HIT T-15 cells were transiently transfected with GAL4:PDX-1(1–79) or GAL4:PDX-1(1–79)ΔABC and (GAL4)5E1bCAT and assayed for CAT and gel shift activity. The nuclear extract was prepared as described previously (48). Double-stranded oligonucleotides to the GAL4 (5′-GGCGGAAGACTCTCCTCCG-3′) DNA-binding element were end labeled using [γ-32P]dATP and T4 polynucleotide kinase. The reactions were performed using 2.5 μg of nuclear extract in binding buffer (25 mM HEPES [pH 7.9], 0.1 mM EDTA, 10 mM MgCl2, 0.1 mM dithiothreitol [DTT], 10% glycerol, 0.5 μg of salmon sperm DNA), and labeled probe; each sample was incubated for 15 min at room temperature. A polyclonal antibody raised to the GAL4 DNA-binding domain (Santa Cruz Biotech, Santa Cruz, Calif.) was used to localize the GAL4:PDX-1(1–79) complexes. The samples were resolved on a 6% nondenaturing polyacrylamide gel (acrylamide-bisacrylamide ratio, 29:1) and run in TGE buffer (50 mM Tris, 380 mM glycine, 2 mM EDTA, pH 8.5). The gel was dried and subjected to autoradiography.

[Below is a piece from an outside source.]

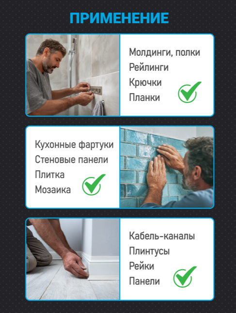 Клей предназначен для приклеивания различных элементов конструкций и отделочно-декоративных деталей. Образует кристально-прозрачный влагостойкий эластичный шов.
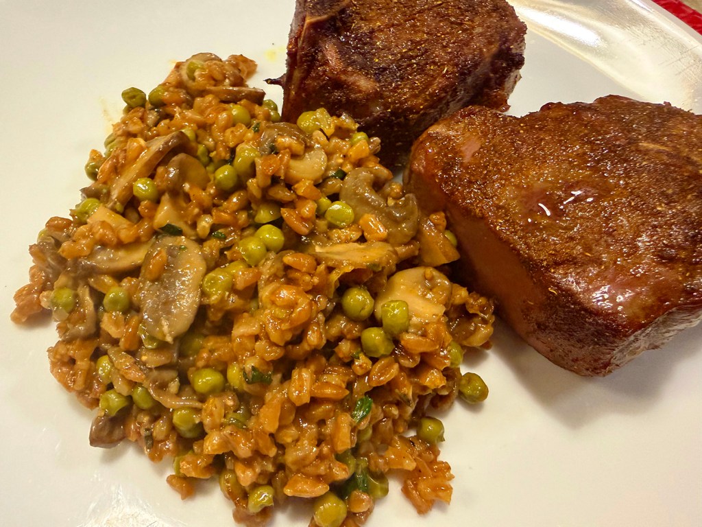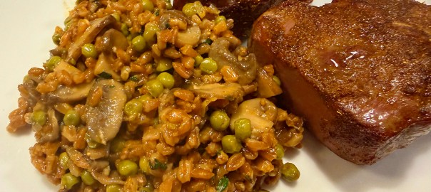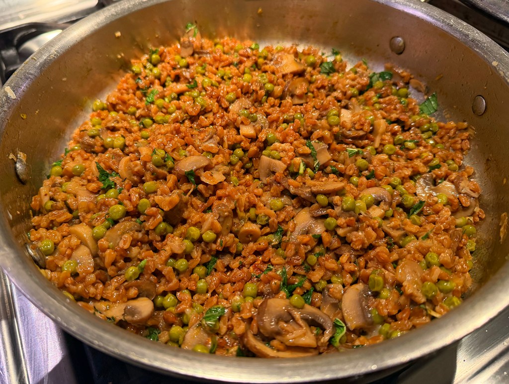 We were pleasantly surprised how much we loved this easy farro recipe with mushrooms and peas. The side dish is creamy and packed with the flavors of fresh thyme, garlic, and a little Parmesan cheese. Think of this as a farro risotto type dish, but with far less TLC than your typical risotto requires!

In vitro translation and GST binding assay.

Interactions between PDX-1 and p300 were assessed by examining binding of in vitro-translated p300 with GST:PDX-1. Wild-type and mutant GST:PDX-1 proteins were prepared using the manufacturer’s conditions (Pharmacia), and [35S]methionine-labeled p300 was synthesized using the TNT Kit (Promega). Labeled p300 protein was incubated for 1 h in binding buffer (50 mM Tris-HCl, pH 8.0, 150 mM NaCl, 0.1% NP-40, 2 mM EDTA, 10 mM MgCl2, 20 μM ZnCl2) with GST:PDX-1 coupled to glutathione-Sepharose beads (Pharmacia). The beads were washed three times with binding buffer, and the bound protein complexes were subjected to sodium dodecyl sulfate-polyacrylamide gel electrophoresis (SDS-PAGE) and autoradiography.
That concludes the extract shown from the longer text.